5. These provisions do not cover cases where:

(a) workers are affected by a recognizable general decline in business activity, such as a recession or by fluctuations in traffic;

(b) the workers affected are casual workers subject to irregular employment because of the nature of the work they perform or seasonal employees outside their normal period of employment;

(c) there is a normal reassignment arising out of the nature of the work in which the employees are engaged.

The issue in this case is whether the discontinuance of Messenger Service on Trains 1 and 2 constituted a "technological, operational and/or organizational change" within the meaning of Article VII, so as to call for the giving of notice to the union under its provisions.
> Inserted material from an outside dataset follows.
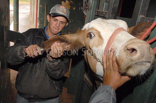 Keywords: Simbrah, Cow, Animal, Hormone, Implant, Applicator, Tool Instrument, Equipment, Horizontal, Cattle Livestock, Bovine, Cambara, Parana, Detail, Handling, Ear, Progesterone, People, Man, Adult, Stem, Immobilized, Pulverize, 2007 |

Article VII is, in the respects material to this case, similar in its effect to the provision considered in Case No. 228, and the cases there referred to. As was said there, the abolition of a position is in a narrow sense a change of "operations", but such a change is not necessarily an "operational" change of the sort referred to in Clause 1 of Article VII.

In the instant case messenger service on Trains 1 and 2 was discontinued because the principal reason for the provision of such service was the handling of certain currency shipments from the Bank of Canada, and that reason was removed when the Bank of Canada decided not to forward such shipments by rail. Train messengers were involved with other tasks beside those relating to the currency shipments, but the revenue from such shipments was, in the company’s view, the main justification for their employment. The other traffic continued to be handled after the currency shipments ceased, but it was no longer handled by train messengers.

I cannot accept the company’s argument that the change – that is the discontinuance of messenger service – was not introduced by the company, but rather by the Bank of Canada. Clearly, it was this company which had employed train messengers, and it was this company which decided not to employ them on these trains any longer. Of course it did so because it did not consider it economical to do so, in view of the loss of revenue caused by the withdrawal of the Bank’s business. But it was a decision which this company took, whatever the reasons behind it.

It might seem that what was done here, was like what was done in Case No. 228, in that it was simply a cancellation of certain work, a reduction in the level of operations. The two cases are not, however, strictly analogous for in that case there was a reduction in the amount of service provided, whereas here there was the elimination of a type of service. In any event Case No. 228 came clearly within what was the equivalent of Clause 5 of Article VII in that the change which occurred was brought about by fluctuation of traffic. In the instant case, Clause 5(a) (Clauses 5(b) and 5(c) have no application) refers to cases where "workers are affected by a general decline in business activity, such as a recession or by fluctuations in traffic". Here, there was no "general decline in business activity", nor a "fluctuation in traffic" as that phrase is used in the article. There was a stop to a certain sort of business, and accordingly, the company stopped using a certain classification of employee. This does not, in my view, come within Clause 5 of Article VII of the agreement which governs this case.

In my view, the discontinuance of train messenger service on Trains 1 and 2 constituted an "operational and/or organizational" change within the meaning of Clause 1 of Article VII. The case does not come within Clause 5 of the article. Accordingly, it must be concluded that this was a case in which Article VII applied. The grievance is therefore allowed, and it is my award that the proper notice be given.